Items from a dataset
____
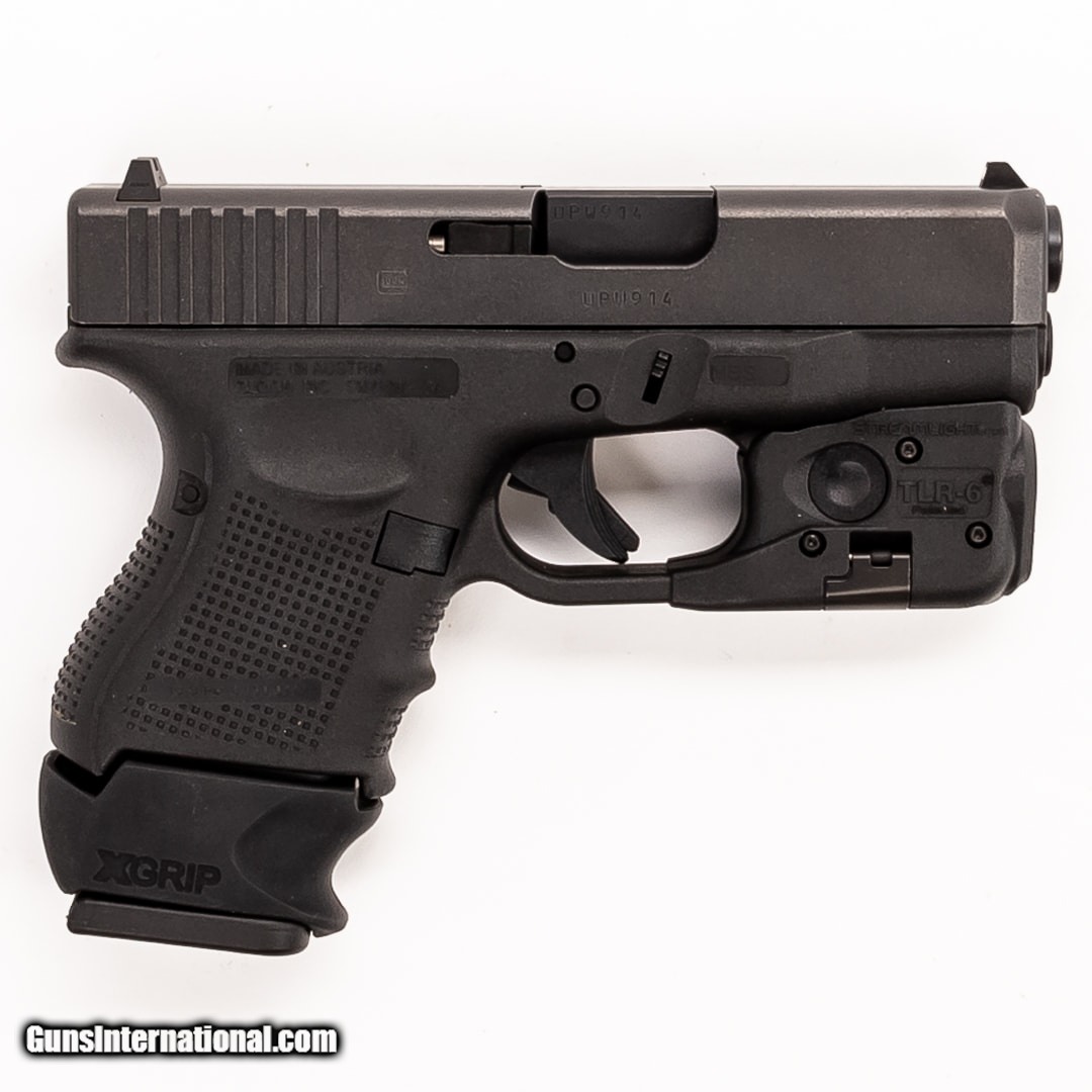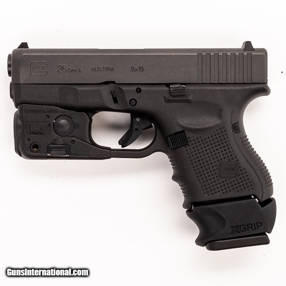 Description: Guns Listing ID: 625101 Also known as the \"Baby Glock,\" the Glock 26 is one of America‚‚s most popular concealed carry options. This sub-compact pistol is built on the company‚‚s signature lightweight polymer frame with rough texture technology for added durability. The Gen 4 model sports an aggressively textured grip and finger grooves to ensure a secure grasp through every shot. This G26 Gen 4 is equipped with a TLR-6 light. Purchase includes the original case, one 10-round magazine, two 12-round magazines with pinky extensions, two 15-round magazines with xgrips, and a loade SOLD Manufacturer: GLOCK Model: 26 GEN4 Caliber Info: 9MM LUGER (9X19 PARA) Condition: Used - Non-Certified Barrels: 3.4 BARREL Finish: BLACK |
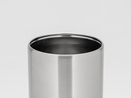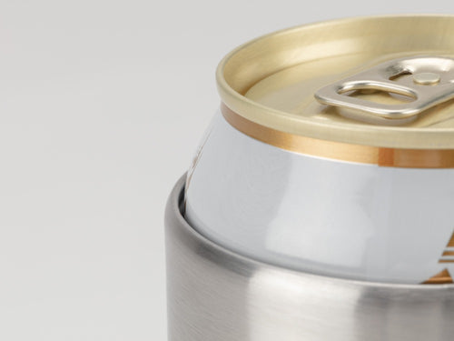 「缶の飲み物を冷たいまま飲みたい」。そんな声をきっかけに、引き算の考え方で開発された缶クーラー。真空二重構造による優れた保温性はもちろんのこと、シンプルな形状の中でこだわったのは、動作の心地よさです。限界まで詰めた内筒寸法と内側に設けた3点の突起により、吸い込まれるように缶がスーッと入り、最後にクッと押し込むことで缶を固定できます。0.1mm単位で何十種類も作り直してたどり着いた小さな感覚の一つひとつにスノーピークらしさを感じていただけるアイテムです。
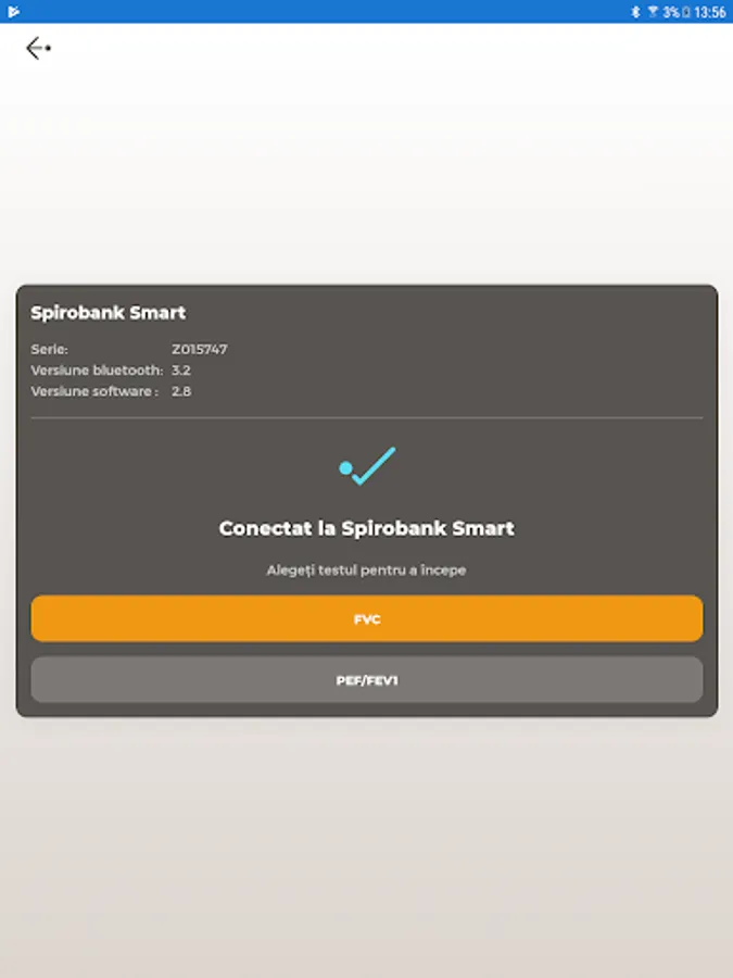 - Choice of turbine type (disposable or reusable), Bluetooth connection to the device and choice of spirometry type
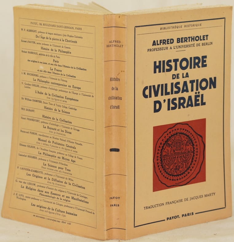 In 8. Dim. 22,5x14 cm. Pp. 435+(12). Edizione del 1953 di questa opera sulla storia della civiltà di Israele scritta da Alfred Bertholet. Traduzione francese a cura di Jacques Marty. L'autore descrive la storia dalla prima formazione di una civiltà israelita sedentaria fino alla descrizione della civilta di Israele in Palestina. In ottime condizioni. Copertina editoriale in ottime condizioni generali con lievi usure ai margini e dorso. Legatura in ottime condizioni. All'interno le pagine si presentano in ottime condizioni con rare fioriture, ancora da tagliare.Edition of 1953 of this work about the history of civilization of Israel written by Alfred Bertholet. French translation by Jacques Marty. The author describes the history from the first establishment of an israelitic fix organization until the description of the cvilization of Israel in Palestine. In very good conditions. Editorial cover in very good general conditions slightly worn in the edges and spine. Binding in very good conditions. Inside pages are in very good conditions with occasional foxings, still to be cut.
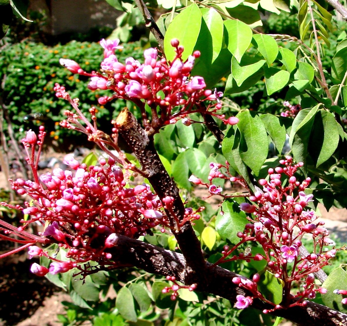 Shrub or small tree growing  5-10 m tall leaves compound, leaflets 5-11 nearly opposite, ovate-oblong flowers lilac or purple –streaked, arranged in small clusters on the ends of  the branches or sometimes on the larger stems and trunk, each cluster is attached to the tree with red stalks fruits edible, showy with an oblong shape: they are longitudinally 5- to 6-angled and 635–15 cm long and up to 9 cm wide
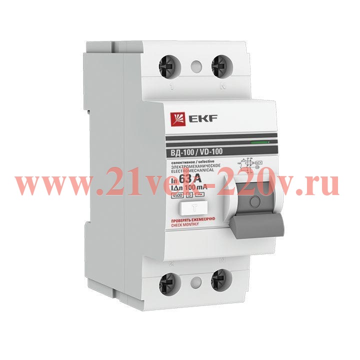 Устройство защитного отключения селективное 2P 63А/100мА (электромеханическое) EKF PROxima. Устройство защитного отключения УЗО ВД-100 EKF PROxima – это новое поколение устройств. Предназначены для защиты человека от поражения электрическим током при прикосновении к открытой проводке или электрооборудованию, оказавшемуся под напряжением, и для предотвращения возгорания, возникающего вследствие длительного протекания токов утечки и развивающихся из них токов короткого замыкания. Для защиты потребителей от токов перегрузки и короткого замыкания необходимо использовать УЗО совместно с автоматическими выключателями. Возможность работы при -25 °С. Наличие селективного исполнения. ПРИМЕНЕНИЕ: Защита людей от поражения электрическим током при случайном прикосновении к открытым проводящим частям электроустановки. • Защита электрооборудования (ЭО) при повреждении изоляции проводников и неисправностях ЭО. • Предотвращение возгораний и пожаров, возникающих вследствие протекания токов утечки и развивающихся из них коротких замыканий, замыканий на корпус и замыканий на землю. • УЗО тип А применяется в зданиях и жилых помещениях, насыщенных бытовой электронной техникой (телевизоры, персональные компьютеры, регулируемые источники света, современные стиральные машины и др.).
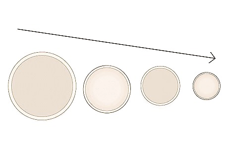 Place your baskets on the wall based on size. Arrange your baskets on a flat surface, then sort them by their overall size and diameter. To create an engaging design, try placing your larger baskets on 1 side of the wall, then hang up baskets that gradually decrease in size. As a simple design idea, place your woven baskets in a straight line on your wall, arranging them in descending order by size. Alternatively, arrange the baskets in a circle. Put the largest basket in the middle and group the others around it so they get smaller toward the edges.
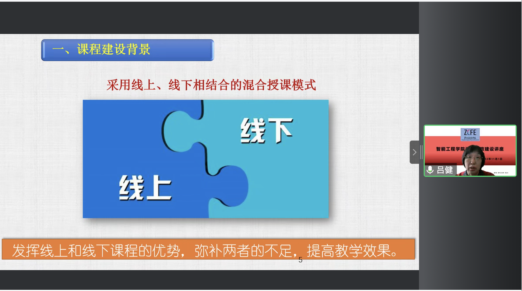 培训会上,吕健教授梳理了党中央、教育部关于课程思政的总体要求和推进轨迹。以大学物理课程思政建设为例,从课程建设背景、课程建设概况、混合式课程实践、凝练理论成果四个方面,分享了课程思政建设经验,为学院教师勾勒了课程思政建设的结构和方法技巧。在示范交流中,她建议教师坚持问题导向、目标导向,紧抓学生思维,引导学生成为研究者;紧扣学生所学专业,引导学生强化成才和担当意识。她强调,做好课程思政首要的是深刻认识课程思政的实质是强调育人,“勘探、采掘”是基础,贵在精准;“冶炼、加工”是关键,贵在精心,解决好“水”中有“盐”的问题。
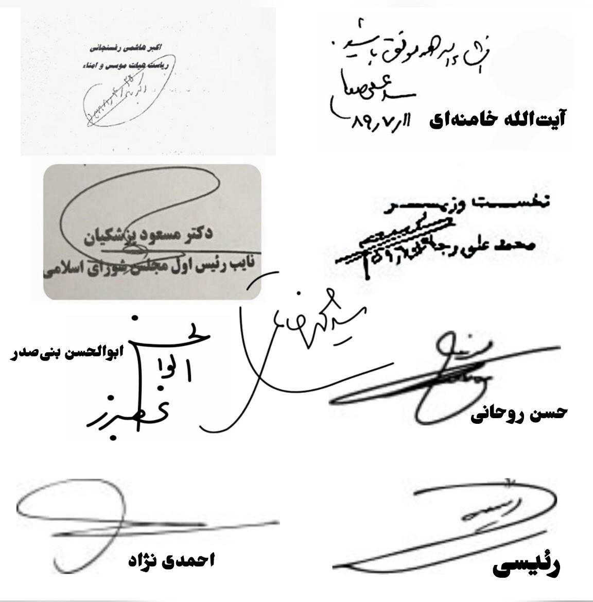 امضاهای آیت الله خامنه ای، هاشمی رفسنجانی، در ردیف زیرین، محمدعلی رجایی، مسعود پزشکیان، ردیف بعدی، حسن روحانی، محمد خاتمی، ابوالحسن بنی صدر، و در نهایت ابراهیم رئیسی و محمود احمدی نژاد را می بینید.
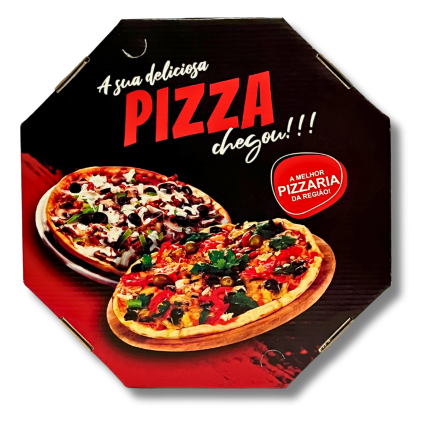 Essa caixa é perfeita para quem vende pizzas de 8 pedaços super recheadas e não quer se preocupar com o fundo da caixa cedendo. Com fundo de papelão de 420gr, essa caixa conta com tecnologia de fibras de celulose para garantir a maior resistência possível do papelão.
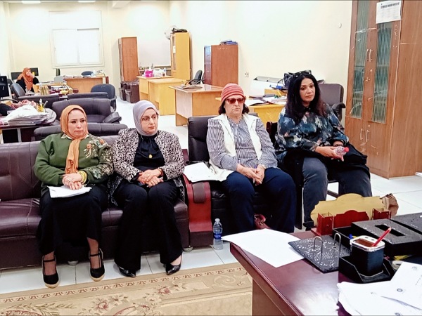 عقد صباح اليوم الاثنين الموافق 3/11/2025 اجتماع مجلس قسم العلوم النفسية لشهر نوفمبر برئاسة الاستاذ الدكتور / سهير عبد ميهوب رئيس القسم وبحضور جميع السادة الأفاضل أعضاء المجلس الموقر.
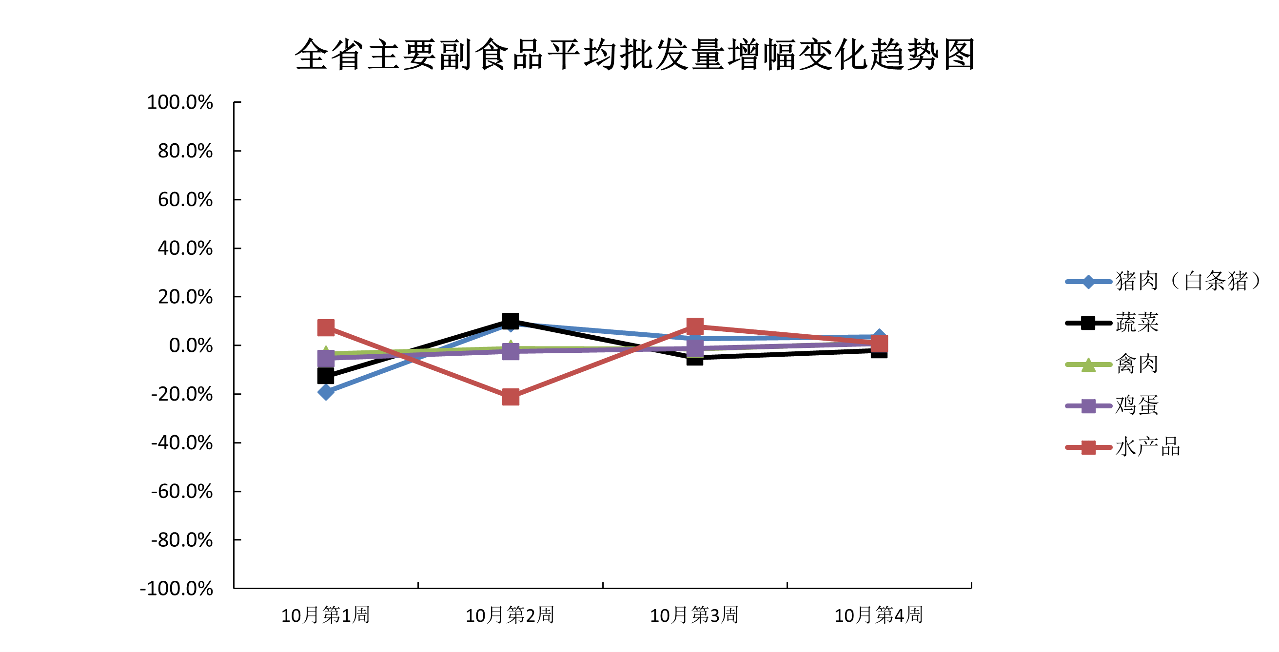 10月份第4周(2023年10月21日—10月27日),本周我省主要副食品市场运行情况:所有产品平均批发价均有所下跌,除蔬菜外其余产品批发量均有所增加。平均批发价方面,蔬菜、禽肉、鸡蛋均小幅下跌;猪肉、水产品均环比下跌。批发量方面,蔬菜环比减少;禽肉、鸡蛋、水产品均增加不明显,与上周基本持平;猪肉环比增加。
____
§ **PROBLEM**
The lines to copy exactly start with the line above that has "- Choice of" and go on through the line that has "In 8. Dim. 22,5x14"; please include both, add nothing else, and omit the pictures.

§ **SOLUTION TO THIS PROBLEM**
 - Choice of turbine type (disposable or reusable), Bluetooth connection to the device and choice of spirometry type
 In 8. Dim. 22,5x14 cm. Pp. 435+(12). Edizione del 1953 di questa opera sulla storia della civiltà di Israele scritta da Alfred Bertholet. Traduzione francese a cura di Jacques Marty. L'autore descrive la storia dalla prima formazione di una civiltà israelita sedentaria fino alla descrizione della civilta di Israele in Palestina. In ottime condizioni. Copertina editoriale in ottime condizioni generali con lievi usure ai margini e dorso. Legatura in ottime condizioni. All'interno le pagine si presentano in ottime condizioni con rare fioriture, ancora da tagliare.Edition of 1953 of this work about the history of civilization of Israel written by Alfred Bertholet. French translation by Jacques Marty. The author describes the history from the first establishment of an israelitic fix organization until the description of the cvilization of Israel in Palestine. In very good conditions. Editorial cover in very good general conditions slightly worn in the edges and spine. Binding in very good conditions. Inside pages are in very good conditions with occasional foxings, still to be cut.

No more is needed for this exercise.